Peruvanam Mahadev Temple (Malayalam: പെരുവനം മഹാദേവക്ഷേത്രം) is a Shiva Temple situated in Peruvanam of Thrissur District, Kerala, India. The temple is said to be in existence with the origin of Kerala and the advent of Parashurama. It is one among the famous 108 Shiva temples in Kerala, and is the main temple of the old time Peruvanam village. It is surrounded by Bhadrakali and Subramanya temples on the west, a Sastha temple on the north, a Vishnu temple on the east and a Durga temple on the south.

==Temple ==
The temple stands on a 7-acre ground surrounded by a compound wall.
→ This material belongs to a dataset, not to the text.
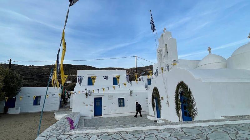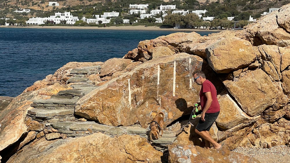 As we continue our adventures in the Cyclades, it’s been a surprisingly social experience! On Sunday afternoon in Sifnos — Voula, a boat pulled in beside us and I helped them tie off stern to. We recognised the man Bruno and his wife Séverine as a couple we’d shared a taxi ride with from the Chora on Kea, so we invited them aboard for a drink.

The structure of Shrikovil (main shrine) is square-type.

It is said that a sage named puru did penance here, as the region was a forest (vanam) it got the named 'peruvanam'.

There main deity is Shiva, also known as erattayappan as there are two shivaling in the peetham (one larger than the other). Goddess Parvati is worshipped behind erattayappan in the same Sanctum sanctorum. There is a 120 feet tall sreekovil dedicated to Madathilappan.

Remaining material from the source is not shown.